» ACTIVITY:
Pictures aside, return every line below exactly as written.

» INFORMATION PROVIDED:
----

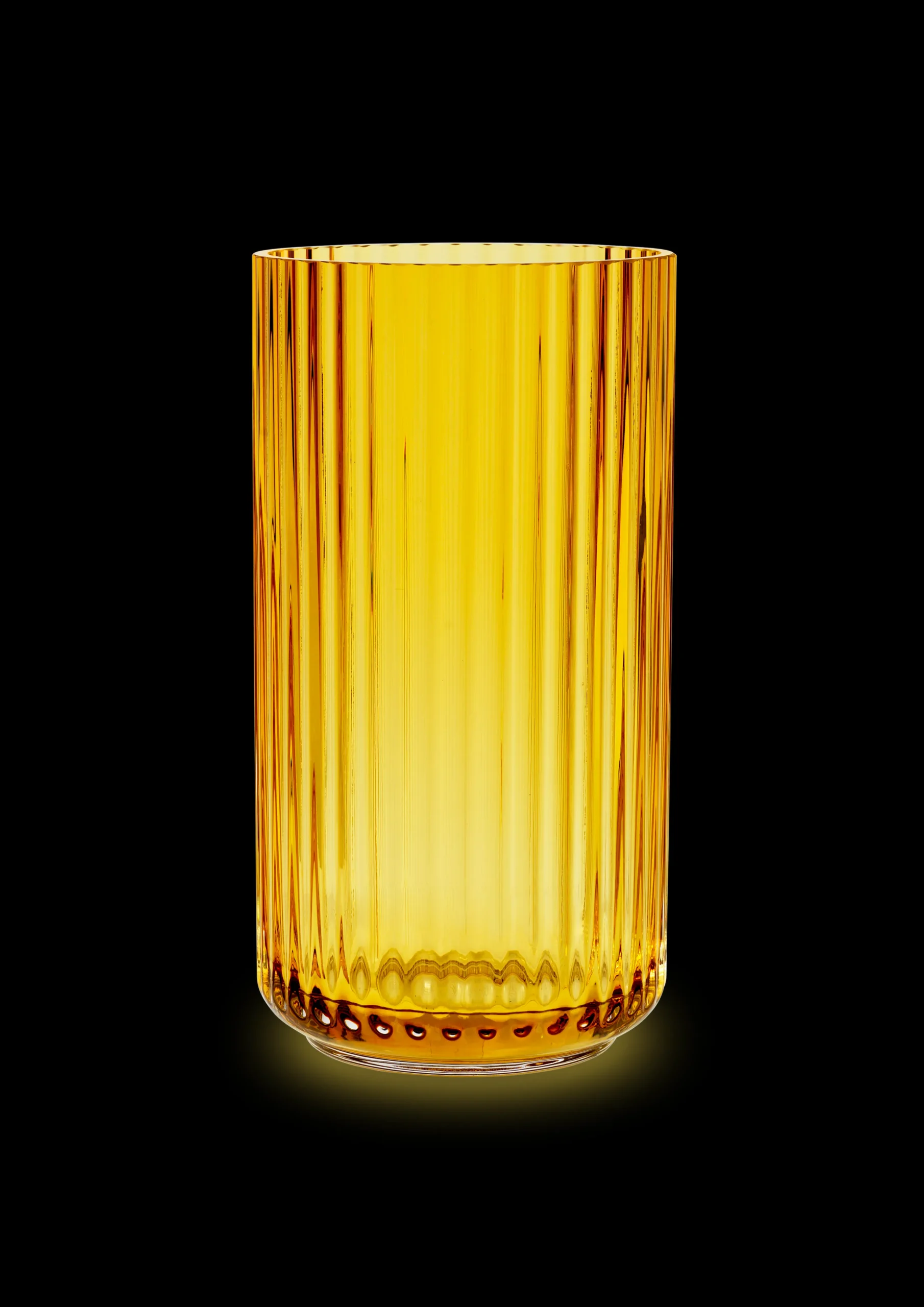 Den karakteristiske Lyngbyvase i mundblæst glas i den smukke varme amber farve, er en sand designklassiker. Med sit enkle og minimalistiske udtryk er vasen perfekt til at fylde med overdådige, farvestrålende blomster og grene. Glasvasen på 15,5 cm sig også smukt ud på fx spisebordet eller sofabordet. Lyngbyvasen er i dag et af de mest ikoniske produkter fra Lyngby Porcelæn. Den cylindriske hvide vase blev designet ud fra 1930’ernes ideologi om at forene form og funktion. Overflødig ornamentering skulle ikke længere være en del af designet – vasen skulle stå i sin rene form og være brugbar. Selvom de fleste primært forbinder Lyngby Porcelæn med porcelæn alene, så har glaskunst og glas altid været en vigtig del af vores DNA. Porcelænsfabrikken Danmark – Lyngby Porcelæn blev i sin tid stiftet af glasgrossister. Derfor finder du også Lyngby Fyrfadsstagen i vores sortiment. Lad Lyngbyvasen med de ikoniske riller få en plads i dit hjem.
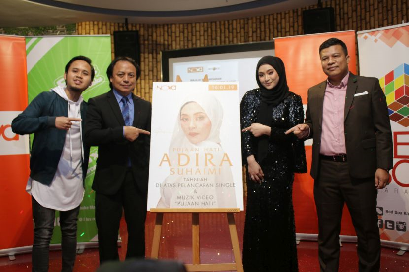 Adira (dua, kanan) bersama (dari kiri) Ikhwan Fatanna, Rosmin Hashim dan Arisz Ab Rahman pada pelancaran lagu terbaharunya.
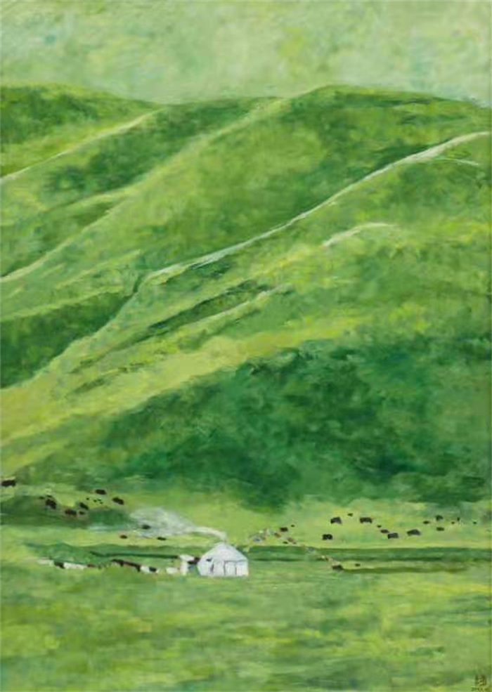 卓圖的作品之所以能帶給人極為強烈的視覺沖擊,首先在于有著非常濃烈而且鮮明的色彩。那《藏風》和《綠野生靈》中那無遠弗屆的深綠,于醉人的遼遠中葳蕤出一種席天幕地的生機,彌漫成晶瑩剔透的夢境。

----

» EXERCISE RESPONSE:
 Den karakteristiske Lyngbyvase i mundblæst glas i den smukke varme amber farve, er en sand designklassiker. Med sit enkle og minimalistiske udtryk er vasen perfekt til at fylde med overdådige, farvestrålende blomster og grene. Glasvasen på 15,5 cm sig også smukt ud på fx spisebordet eller sofabordet. Lyngbyvasen er i dag et af de mest ikoniske produkter fra Lyngby Porcelæn. Den cylindriske hvide vase blev designet ud fra 1930’ernes ideologi om at forene form og funktion. Overflødig ornamentering skulle ikke længere være en del af designet – vasen skulle stå i sin rene form og være brugbar. Selvom de fleste primært forbinder Lyngby Porcelæn med porcelæn alene, så har glaskunst og glas altid været en vigtig del af vores DNA. Porcelænsfabrikken Danmark – Lyngby Porcelæn blev i sin tid stiftet af glasgrossister. Derfor finder du også Lyngby Fyrfadsstagen i vores sortiment. Lad Lyngbyvasen med de ikoniske riller få en plads i dit hjem.
 Adira (dua, kanan) bersama (dari kiri) Ikhwan Fatanna, Rosmin Hashim dan Arisz Ab Rahman pada pelancaran lagu terbaharunya.
 卓圖的作品之所以能帶給人極為強烈的視覺沖擊,首先在于有著非常濃烈而且鮮明的色彩。那《藏風》和《綠野生靈》中那無遠弗屆的深綠,于醉人的遼遠中葳蕤出一種席天幕地的生機,彌漫成晶瑩剔透的夢境。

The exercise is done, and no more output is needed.